More than a dozen police were injured, they said. No demonstrators were hurt, said a local-government spokeswoman, who agreed to be identified only by her surname, Wu. The reports of injuries couldn’t be independently confirmed.
The protest was one several examples of civil unrest triggered by land disputes in China, where farmers increasingly are being forced to relocate to make way for housing, golf courses or large infrastructure projects.
Suijiang County is on the border between Yunnan and Sichuan province. It is near the Jinsha River site of the Xiangjiaba Hydroelectric Station, which is designed to be one of China’s largest.

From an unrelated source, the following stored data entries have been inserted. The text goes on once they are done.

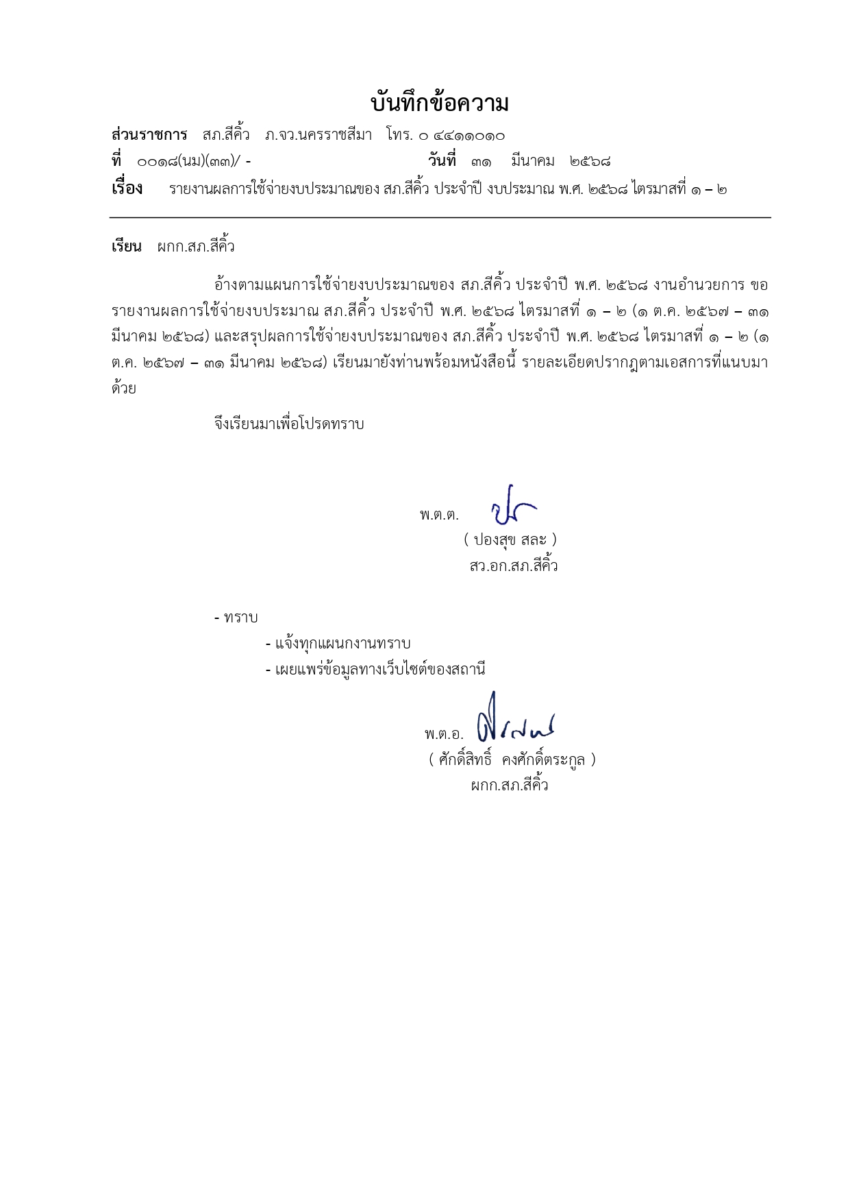 รายงานการใช้จ่ายงบประมาณประจำปี 2568
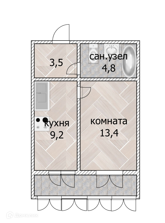 Общая площадь 33.6 м2
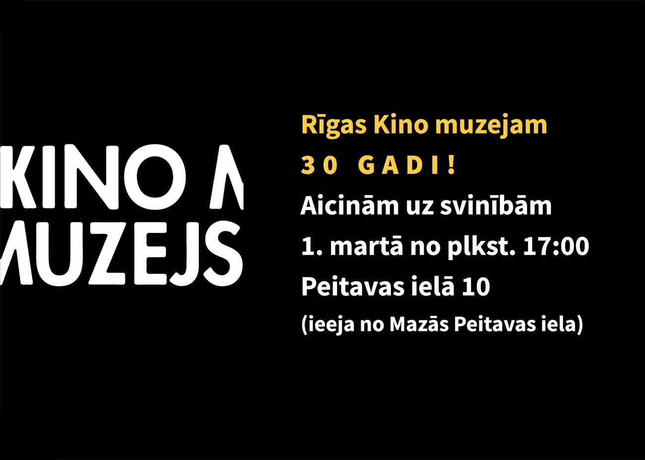 2018. gada 1. martā apritēs 30 gadi kopš Rīgas Kino muzeja dibināšanas. Rīgas Kino muzejs ir vienīgais nozarei veltītais muzejs Latvijā, kas nodarbojas ar latviešu kino mantojuma vākšanu, pētīšanu, aprakstīšanu, popularizēšanu ar izstāžu darbu, izglītojošām nodarbībām dažāda vecuma bērniem, regulāriem kino lektorijiem, diskusijām un dažāda veida pasākumiem. Kino muzeja misija ir – piedāvāt augstas kvalitātes kultūras produktus, veidot un veicināt kvalitatīvu un daudzveidīgu audiovizuālo vidi un izglītotu, kompetentu auditoriju, nodrošinot kino zināšanu pieejamību.

International Rivers provides more information on the Jinsha River dams and the threats they pose to local communities:
The Jinsha River (or “River of Golden Sands”) is the name of the 2,300-kilometer section of the Yangtze River from Yushu in Qinghai Province to Yibin in Sichuan. Here the river carves a string of grand canyons, home to diverse ethnic minority groups and some of China’s most important biodiversity hotspots. The Jinsha River is also at the heart of one of the largest hydropower development areas in the world. Planned hydropower output in this area is equal to about ten times the power produced by the Three Gorges...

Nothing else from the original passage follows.